VERBATIM INTERNET TEXT RE: BOYCOT 12 TRIBES RE: MIND CONTROL

EXERPT from: “The Suspect Spirituality Of The Twelve Tribes”

El Pais 12/31/2006
Mikel Ormazabal - San Sebastian
Translated from the Spanish

It is midday in this heavenly place of San Sebastian. The mansion-farm of the twelve tribes rises to the summit of Mount Ulia, an enclave separated from any large city - maybe there are neighbors in their immediate vicinity, or perhaps a winery and a Basque school. "It is a hidden treasure in the countryside where we can live in peace," say the occupants. The bearded young man prepared to leave the house in a Mercedes van. His companion cut tree trunks with an electric saw and various children ran about the property while inside the house they prepared for celebration, like they do every Friday night, the celebration of Shabbat or Sabbath.

They live detached from reality and apparently an investigation initiated in France against the group uncovered the fact that they do not educate their children and that some describe the twelve tribes as a cult. "We are a simple people, comprised of single people and families with children, large and small that live together in harmony and unity, in surroundings full of order, respect and human affection" say their members.

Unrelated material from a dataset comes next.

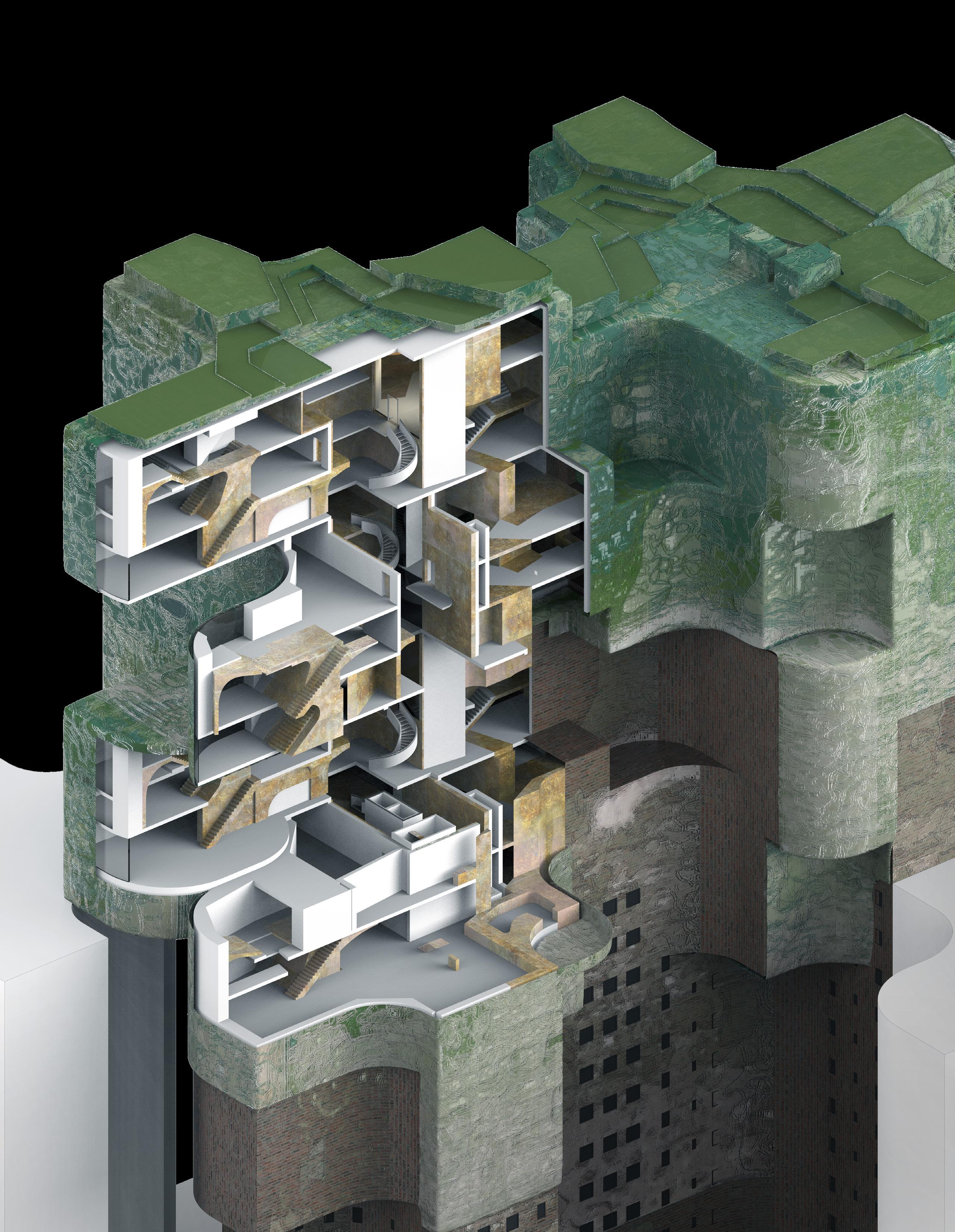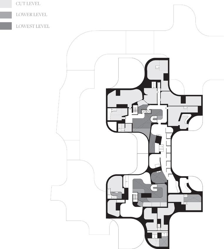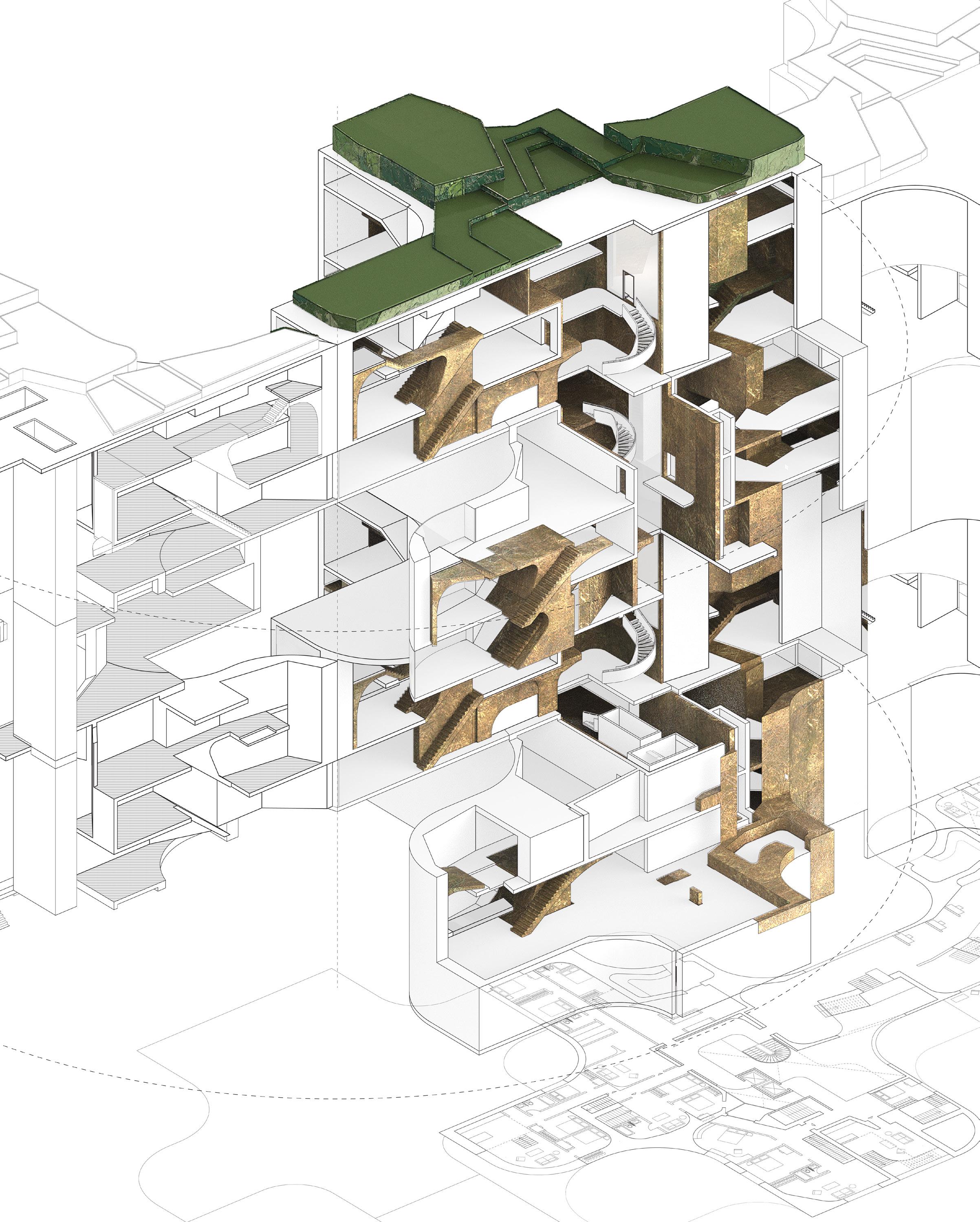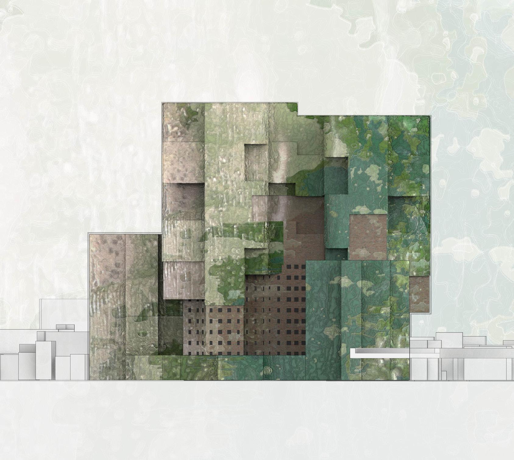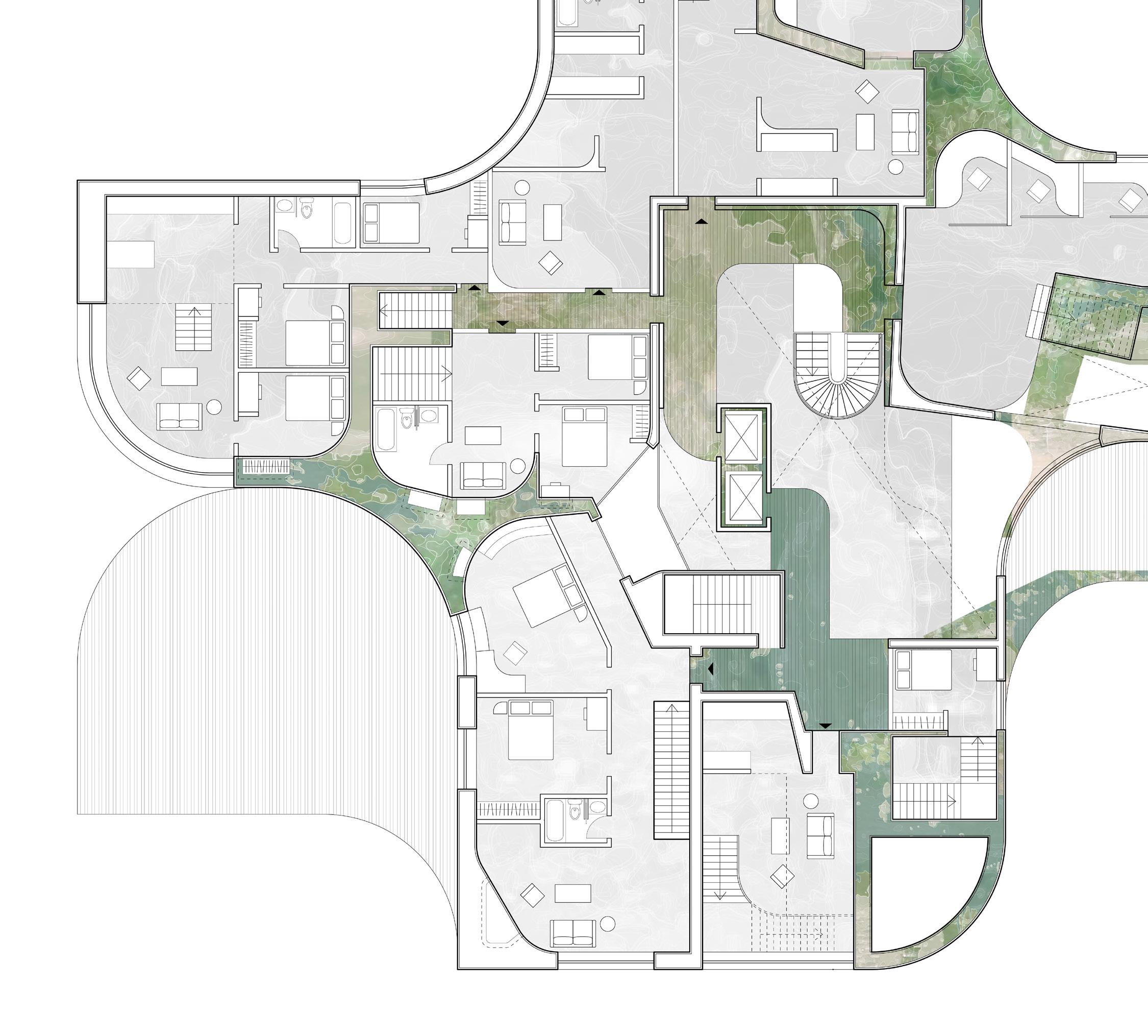 To address the prompts of the bathhouse program as well as the ideas of gender/sex fluidity alongside the ruinous and the picturesque, we try to break the idea of an "ideal". The form providing a wide variety of pools and spaces, and materiality introducing "imperfect" features like weathering and moss, along with "welcome" features like trees and plants in between gaps. We don't impose an ideal mindset; we just enable the possibility of many mindsets. We thus allow people to flow between these mindsets via the connectivity of the pools.

"I felt trapped because of the twelve tribes." "I knew them when they sold their products in a market in the town of Guipuzcoa." "They were so kind and nice, so generous..." "They seemed very nice." "They gave us cookies and a leaflet of theirs." "In a few days we were living in the Ulia house. We were accepted by the community and they baptized us by immersion, like long ago.

Thus began the new life of Ne'eman, an ex member of the twelve tribes. It is a fictitious identity because he does not want to be exposed by the organization, and his name is in Hebrew, because within the group everyone adopts a Hebrew name. His account of 5 plus years spent in the community is a series of regrets and remorse that always ends with the same exclamation: "How could I fall like this." "It is a cult of total rules and regulations because they alienate their members. You have no liberty to verbally express yourself, your subordinate 24 hours a day and you cannot question anything." "They live under a type of collective hypnosis that takes away their capacity to make decisions," assures Ne' eman.

The name Yadid is not the real name of the other former member of the twelve tribes when he fled from San Sebastian almost two years ago. "When you become a member, you leave behind what they call your old man. When they baptize you, you renounce all of your material possessions and whatever contact you may have with your family and friends." Little by little they immerse you in their ideology until they succeed in reprogramming your mind."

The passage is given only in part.